It seems unfortunate that your entire position is based on Catalina and you can't set aside your personal bias and look critically at each proposal in its entirety.
While I understand your reasons for thinking this, I have explained why larger reserves around Catalina are important when considering their influence in the mandated network of reserves for the entire region.
Another consideration. So many mainland residents come to the island to fish hear. Why? In large part because the waters off the mainland coast have been even more seriously overfished than those here. Of course also in part because anglers, like non-consumptive users, enjoy being out on the water in a boat!
When I see the number of commercial party boats fishing the reefs off the island, it disturbs me. When I see the number of private vessels fishing the leeward coast, it bothers me. Why? Because I don't wish to see the islands devastated to the extent much of the mainland is.
I again appeal to consumptive users to think carefully about what "sustainable fisheries" really mean. If we had been fishing our waters sustainably over the past 200 years, we would still be seeing the kind of fish stocks reported BY ANGLERS at points in time from the late 1800's to the early 1900's to the immediate post World War II era.
I have spoken with many long-time anglers over the years since fishing has been a favorite activity out here on the island. I wish I had done oral histories with them since most have gone to the great pond in the sky (hope it is well stocked). To a person they had tales of how incredible fishing was here in the early 1900's and up through the 1950's.
One angler who is now in his mid-90's often recalls the days between World Wars I and II when fish stocks here were still pretty incredible... but not what they were as described by the real old timers like Zane Gray or Charles F. Holder.
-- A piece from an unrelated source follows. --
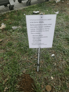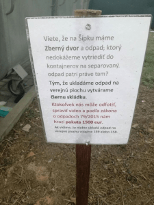 Po porade s Mestskou políciou sme sa rozhodli najprv robiť osvetu, zvýšiť pohyb polície v okolí a vyzývať obyvateľov k fotografovaniu, nahrávanie si ľudí, ktorí čiernu skládku vytvárajú a nahlásenie na políciu. Dobrovoľníci z okolia skládku zlikvidovali a asi dva týždne bol pozemok čistý, potom prišiel pán, ktorý chcel opäť čiernu skládku založiť. Bol nafilmovaný. Následne sme osadili jednoduché “tabuľky”, ktoré informujú neprispôsobivých obyvateľov o následkoch ich konania. Celková cena opatrenia 2 eurá.

It is all a matter of the baseline you choose. If you look only 5-10 years back, you should still notice declines in that short period. I only look back 40 years in our waters and I see a substantial decline. If you look back 60 or 100 or 150 years, it is pretty evident that fish stocks are substantially reduced from those periods for almost all species. And that is why I say that fishing in our State (and most of the world) has NOT been done in a sustainable fashion and we need a radical transformation of how we manage our ecosystems to truly turn that around.